Fireworks is an abstract color lithograph executed in the primary colors of red, yellow, and blue. The artist’s choice to split the composition into two swathes of dark blue over a yellow background may be an effort to detach from naturalistic imagery of fireworks seen in the night sky, and is in keeping with the experimental approach he took to printmaking at this time.
LG’s Take
Lindsey Grossman (LG) is the communications manager at the Museum. (We have so many Lindseys on staff that we’ve had to start using nicknames.) Here, she shares her impressions of this work:
I heard the title before I saw the artwork, so my first impression was shock.
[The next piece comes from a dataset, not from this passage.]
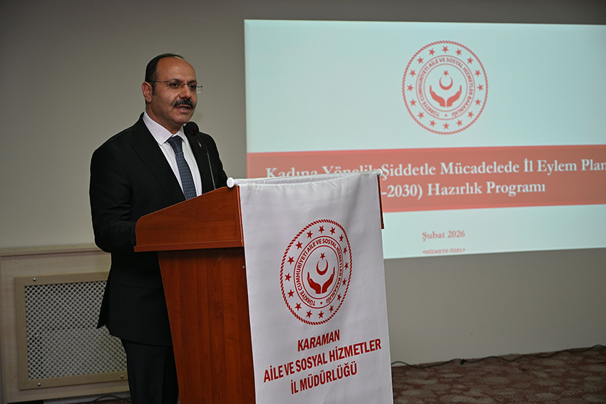 Karaman Aile ve Sosyal Hizmetler İl Müdürü Nurettin Ulaş konuşmasında, 2022–2024 yılları arasında uygulanan Kadına Yönelik Şiddetle Mücadele Eylem Planı kapsamında 81 ilde, her ilde 15–20 kurum temsilcisinin katılımıyla kapsamlı çalışmalar yürütüldüğünü belirtti. Kurumların kendi görev alanlarında yapacakları iyileştirmelerle planın zenginleştirildiğini ifade eden Ulaş, hazırlanan raporların 2025 yılında ilgili Bakanlığa sunulduğunu ve programın başarılı olarak değerlendirildiğini aktardı.

It didn’t look at all like fireworks. But then it struck me: After the big BOOM, it looks just like it does behind my eyelids if I close them tight right after the brilliant bursts of light. Fireworks might mean something completely different to you, but that’s what I love about abstract art, and about all art really. There’s no wrong way to look at it. And of course now I have that Katy Perry song going through my head.
About the Artist
Maltby Sykes worked in an American Regionalist/Realist vein early in his career, influenced by his time in the lithography studio of master printer George Miller. He subsequently began working in an abstract mode while studying in Paris in 1952 with painter Fernand Léger and intaglio printmaker Stanley William Hayter. Sykes’s affinity for lithography however, spanned across his career, as testified by his 1983 essay “Recollections of a Lithographile.” A professor of printmaking at Auburn University for many years, his ties to Asheville came as the result of spending the greater part of 1960 recovering from exhaustion in the city’s Highland Hospital.